As you can see, it isn’t until we reach 12160×9120 that Reicast’s performance finally lets up from an almost consistent 206/207fps to a somewhat lower value. Do note that this was testing the same environment. When alpha effects and RTT (Render to Texture) effects are being applied onscreen, there may well be dips on the higher than 8K resolutions whereas 8K and below would be able to handle it with relative ease.

Mupen64plus – GlideN64 OpenGL renderer

Super Mario 64 running at 8K resolution with Gliden64.
Super Mario 64 running at 8K resolution with Gliden64.

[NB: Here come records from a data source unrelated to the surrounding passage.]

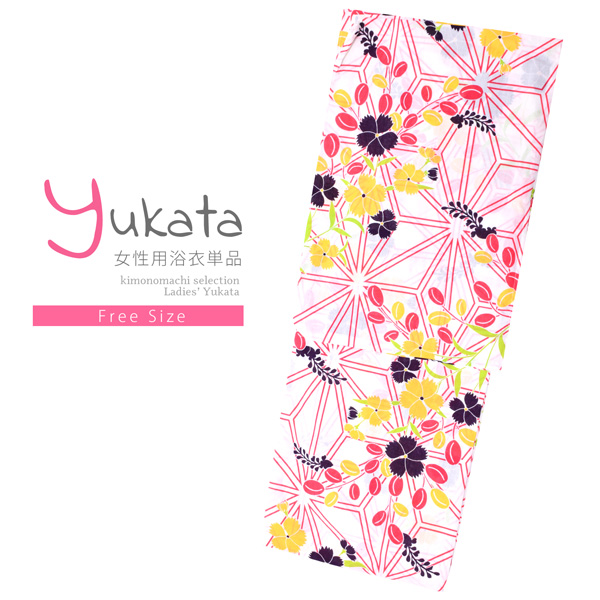浴衣 レディース 単品「白地 麻の葉に撫子」フリーサイズ レトロ モダン 大人柄 女性浴衣単品 女浴衣 ゆかた yukata 【メール便不可】
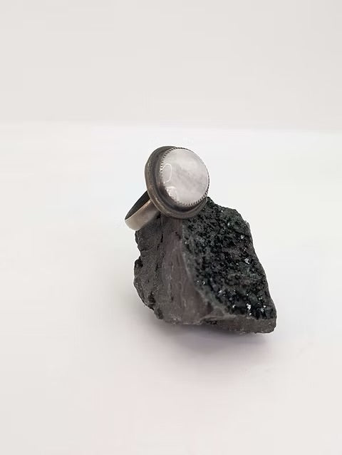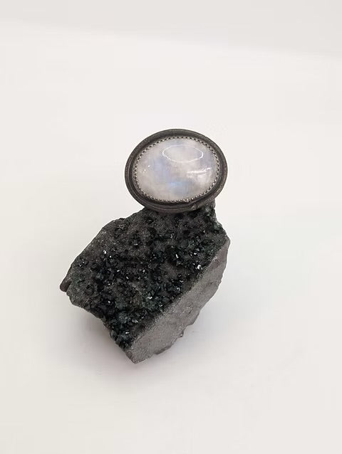 Stunning rainbow moonstone set in recycled sterling silver with brass adornments.
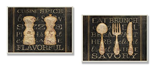 Stupell Home Décor Salt Pepper And Utensils Typography Duo Kitchen Wall Plaque, 10 x 0.5 x 15, Proudly Made in USA
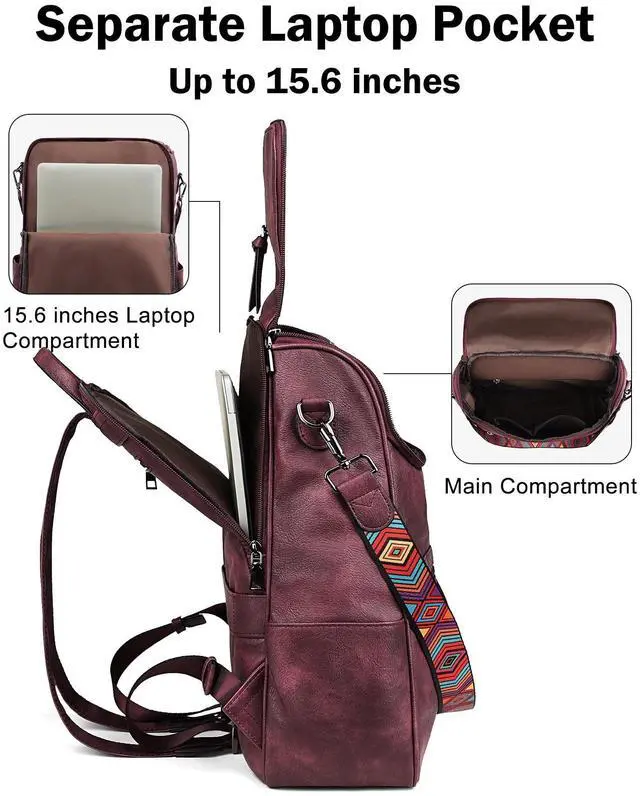 ^^ Shoulder Backpack: This backpack laptop bag for women with a detachable strap can be converted into a shoulder backpack or handbag to meet the needs of different occasions. So the leather laptop backpack with laptop sleeve suitable for a variety of occasions, such as shopping, work, travel, dating, camping, dancing or hiking, for 2-3 days business trip.
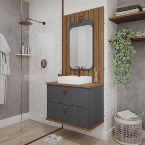 Características: Estrutura em MDF Acabamento em Pintura UV Puxadores e alça em couro 01 Porta com pistão à gás e dobradiças metálicas 01 Gaveta com corrediças telescópicas Acompanha cuba em mármore sintético Acompanha espelho Acompanha painel ripado
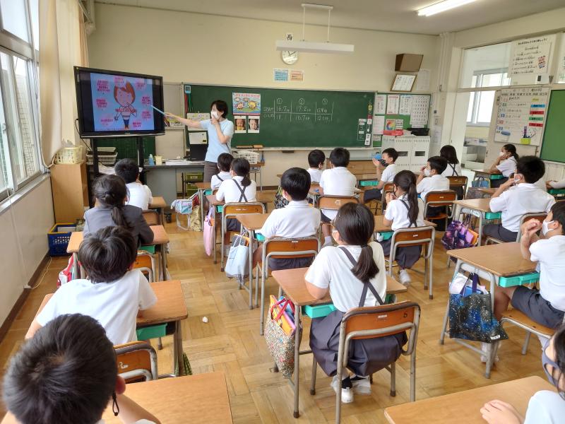 15日(火)に、4年海組で、養護教諭の中條先生から歯の健康についてのお話をしていただきました。歯を健康に保つとたくさんよいことがあること、また、ひじつきなど悪い姿勢がくせになっていると、あごがゆがみ、歯の健康にとってよくないことなど、これからの子供たちの成長にとってたくさんのことを教えていただきました。歯の健康については、他の学級でもお話していただきます。子どもたちから、学習したことについて聞いてみてください。
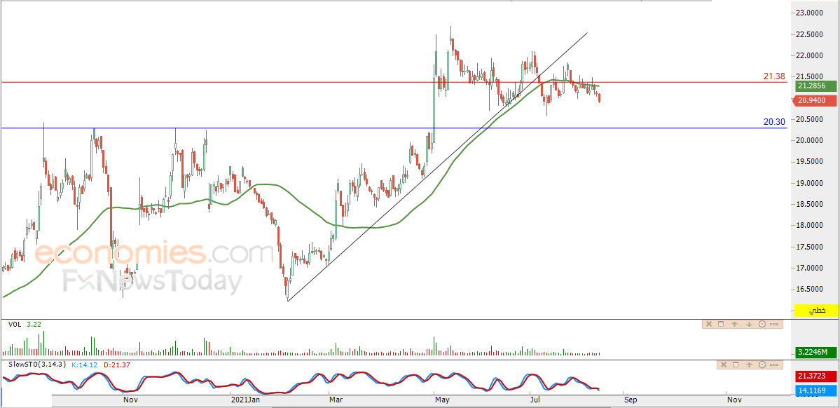 نطاق التداول المتوقع لهذا اليوم ما بين مستوى الدعم 20.60 ومستوى المقاومة 21.38.
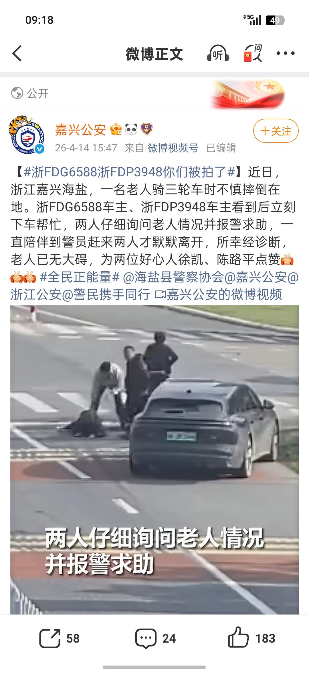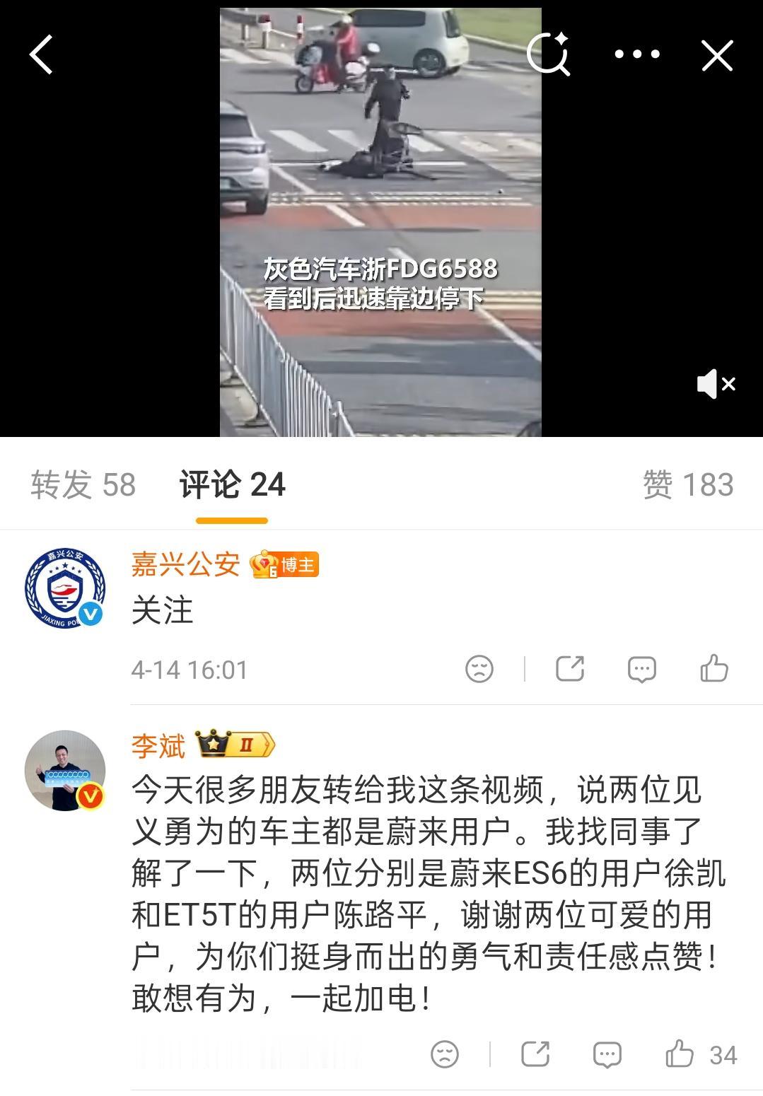 这两位蔚来车主,好样的!像你们学习! 昨天这事儿在车友群里传开了 一位EC6车主和ET5T车主,在路上遇见一位老人摔倒,并及时冷静的进行帮助!看到之后内心真自豪啊,如果我遇到这种事情,我也会做出同样的选择。斌哥也关注到了此事。 这两位车主,一个看照片,我应该叫声大哥,一个看岁数是一位年轻小哥,名字我也不打码了,你们应该被认识!像你们学习车主 蔚来
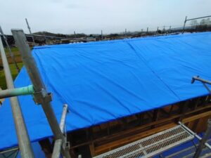 今日は、雨のい降る前にシート養生を行いました。一安心です。(^^♪
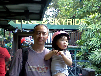 這個斜坡滑車的票是附送的,原先以為妹妹會害怕,所以有一點猶豫到底要不要玩,後來發現似乎不太危險於是決定玩他一趟。照片中妹妹等著要上車了!
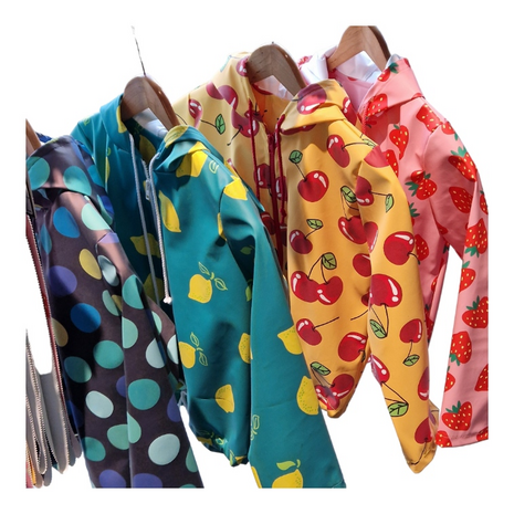 Kleurrijke regenjasstoffen in de kindercollectie van KicKenStoffen. Deze waterdichte stof is ook leuk voor een tafelkleed trouwens of het bekleden van een kinderstoel. De stof voelt fijn en glad aan en valt soepel. Gebruik eventueel waterdichte naadtape om ook naden waterdicht te maken en het is beter naaiclips te gebruiken dan spelden (i.v.m. gaatjes). Deze stof is niet geschikt om te wassen in een wasmachine, maar u kunt de stof gewoon afnemen met een schone natte doek.
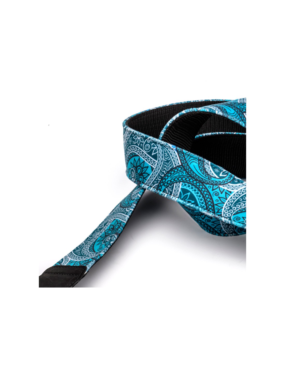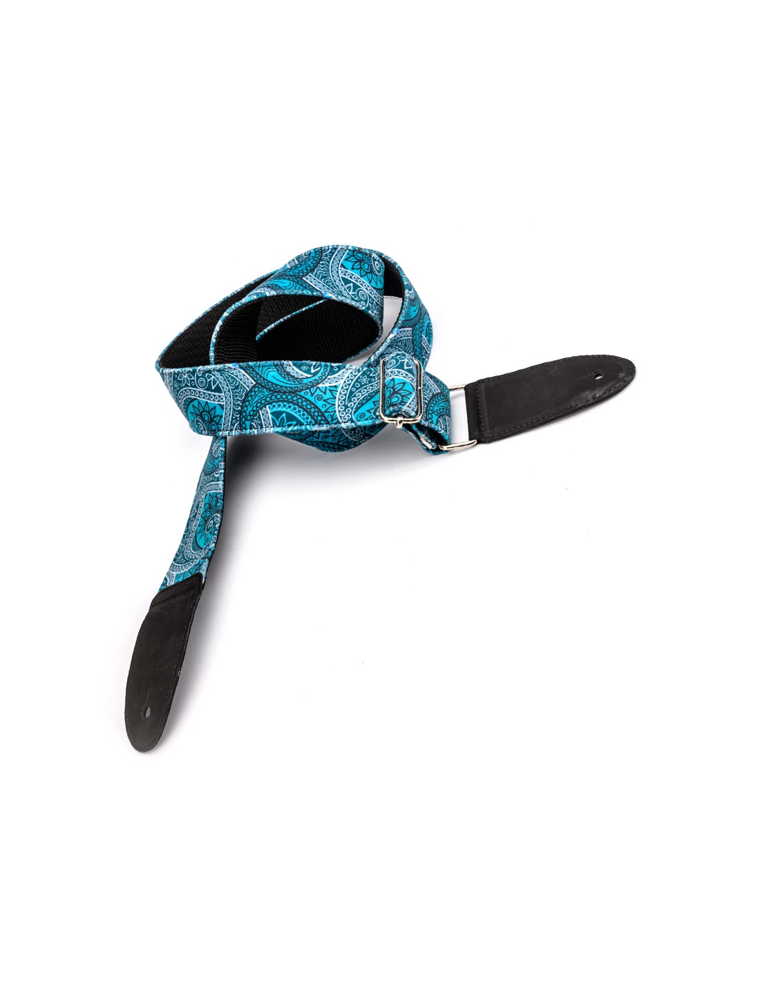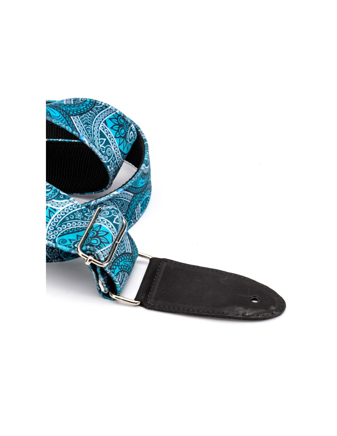 Strap for guitar or bass made of velvet textile, inside lining reinforced with nylon thread. Double leather endings with metallic buckles. Completely handmade in Spain.
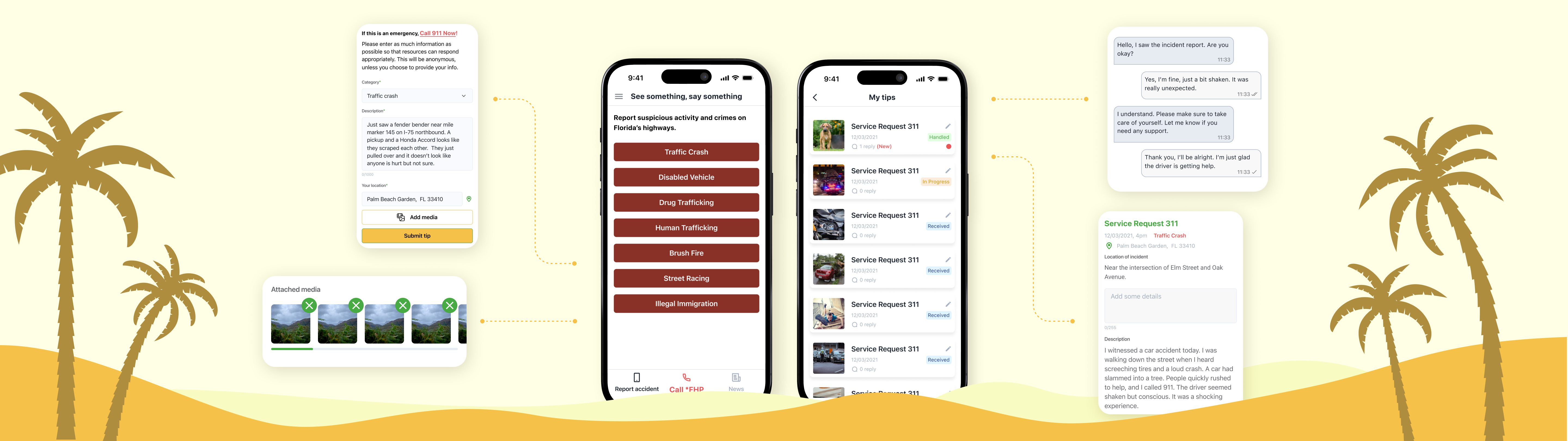 The solution delivers five key features: Non-Emergency Incident Reporting with anonymous submissions, My Tips for managing reports and communicating with the Florida Highway Patrol, Location-Based Alerts with real-time updates for selected counties, One-Tap Call to FHP for instant non-emergency contact, and a web-based Admin Panel for managing alerts, counties, and incoming reports.
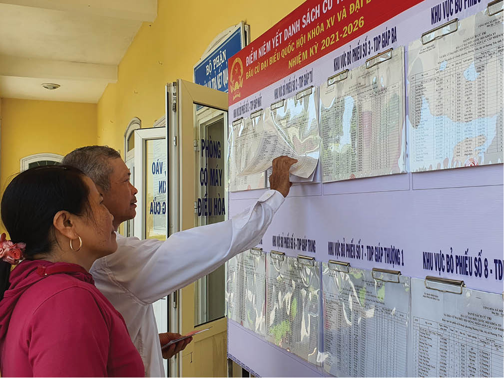 Người dân Hương Văn nghiên cứu danh sách cử tri tại trụ sở UBND phường
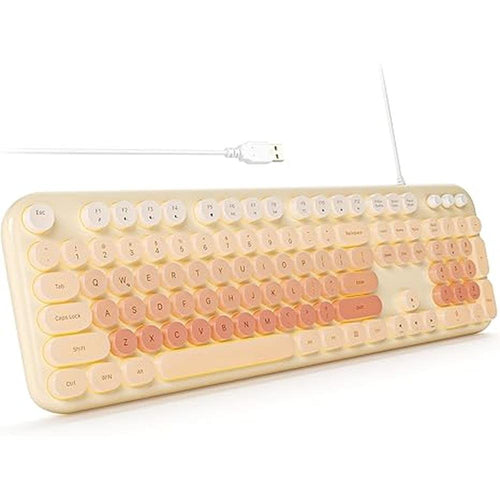 Wired Backlit Keyboard, Full Size 104-Key Retro Punk LED Backlit Keyboard with Colorful Round Keycaps for Desktop PC and Laptop
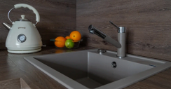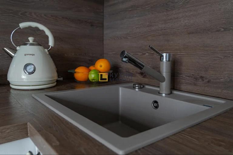 При реализации данного проекта мы использовали прочные и безопасные материалы. Для корпуса взяли ЛДСП, для фасадов — МДФ. Поэтому гарнитур получился влагостойким, устойчивым к высоким нагрузкам и механическим повреждениям. Он прост в уборке и не требует специальных средств.
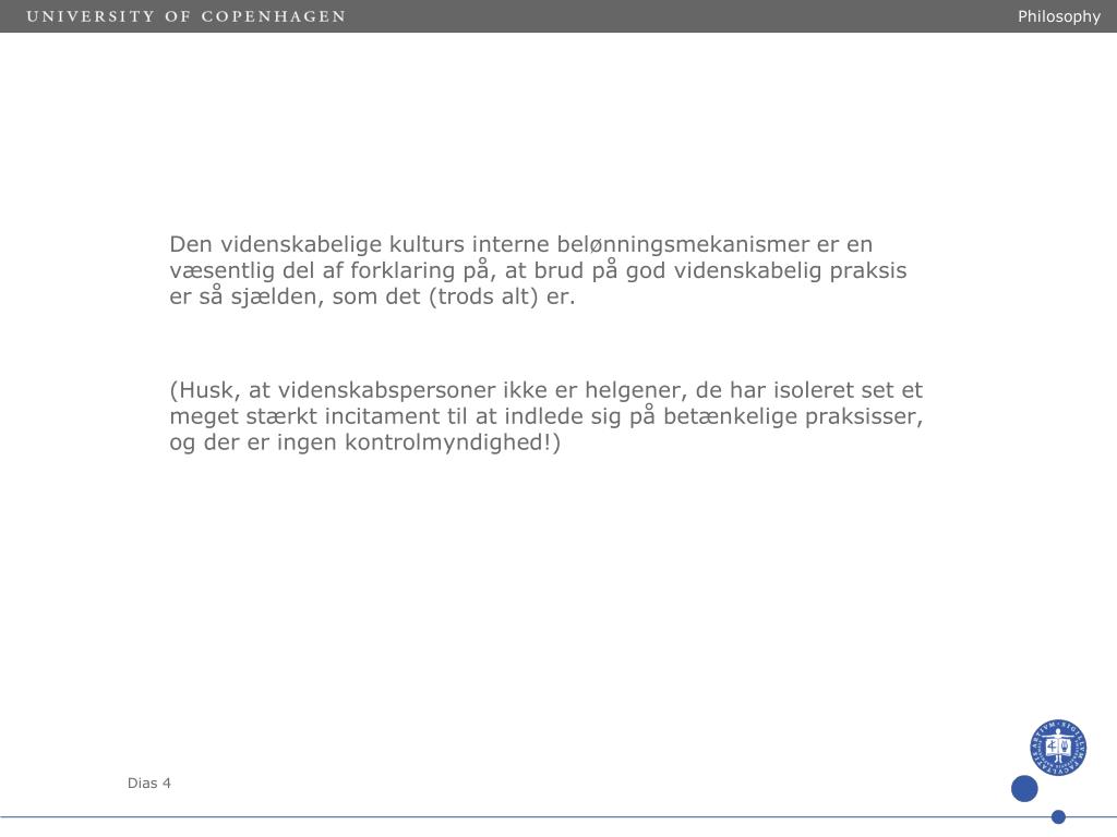 Philosophy • Den videnskabelige kulturs interne belønningsmekanismer er en væsentlig del af forklaring på, at brud på god videnskabelig praksis er så sjælden, som det (trods alt) er. • (Husk, at videnskabspersoner ikke er helgener, de har isoleret set et meget stærkt incitament til at indlede sig på betænkelige praksisser, og der er ingen kontrolmyndighed!)
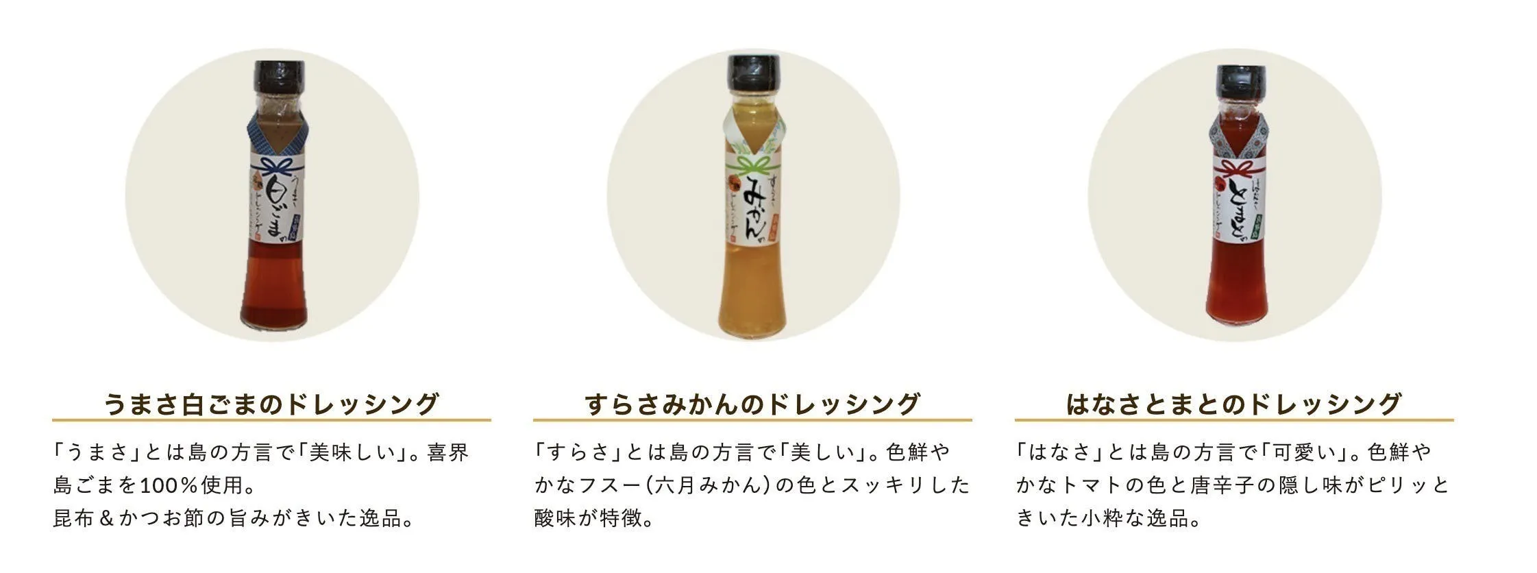 ・うまさ白ごまのドレッシング ・すらさみかんのドレッシング ・はなさとまとのドレッシング

This core uses Mupen64plus as the core emulator plus the GlideN64 OpenGL renderer.

Super Mario 64

Description Performance
3840×2880 – no MSAA 617fps
3840×2880 – 2x/4x MSAA 181fps
4160×3120 – no MSAA 568fps
4160×3120 – 2x/4x MSAA 112fps
4480×3360 – no MSAA 538fps
4480×3360 – 2x/4x MSAA 103fps
4800×3600 – no MSAA 524fps
4800×3600 – 2x/4x MSAA 94fps
5120×3840 – no MSAA 486fps
5120×3840 – 2x/4x MSAA 82fps
5440×4080 – no MSAA 199fps
5440×4080 – 2x/4x MSAA 80fps
5760×4320 – no MSAA 194fs
5760×4320 – 2x/4x MSAA 74fps
6080×4560 – no MSAA 190fps
6080×4560 – 2x/4x MSAA 68fps
6400×4800 – no MSAA 186fps
6400×4800 – 2x/4x MSAA 61.3fps
7680×4320 – no MSAA 183fps
7680×4320 – 2x/4x MSAA 39.4fps

GoldenEye 007

Tested at the Dam level – beginning

Description Performance
3840×2880 – no MSAA 406fps
3840×2880 – 2x/4x MSAA 100fps
4160×3120 – no MSAA 397fps
4160×3120 – 2x/4x MSAA 65fps
4480×3360 – no MSAA 375fps
4480×3360 – 2x/4x MSAA 60fps
4800×3600 – no MSAA 342fps
4800×3600 – 2x/4x MSAA 54fps
5120×3840 – no MSAA 310fps
5120×3840 – 2x/4x MSAA 51fps
5440×4080 – no MSAA 70fps
5440×4080 – 2x/4x MSAA 46fps
5760×4320 – no MSAA 78.9fs
5760×4320 – 2x/4x MSAA 42fps
6080×4560 – no MSAA 86fps
6080×4560 – 2x/4x MSAA 37fps
6400×4800 – no MSAA 79fps
6400×4800 – 2x/4x MSAA 27fps
7680×4320 – no MSAA 79fps
7680×4320 – 2x/4x MSAA 33.2fps

Preface: Immediately after going beyond 3840×2880 (the slightly-higher than 4K resolution), we notice that turning on MSAA results in several black solid colored strips being rendered where there should be textures and geometry. Again, we notice that enabling MSAA takes a huge performance hit. It doesn’t matter either if you apply 2 or 4 samples, it is uniformly slow. We also notice several rendering bottlenecks in throughput – as soon as we move from 5120×3840 to 5440×4080 (a relatively minor bump), we go from 310fps to suddenly 70fps – a huge dropoff point. Suffice to say, while you can play with Reicast (Dreamcast emulator) and Dolphin (Gamecube/Wii) at 8K without effort and even have enough headroom to go all the way to 12K, don’t try this anytime soon with Gliden64.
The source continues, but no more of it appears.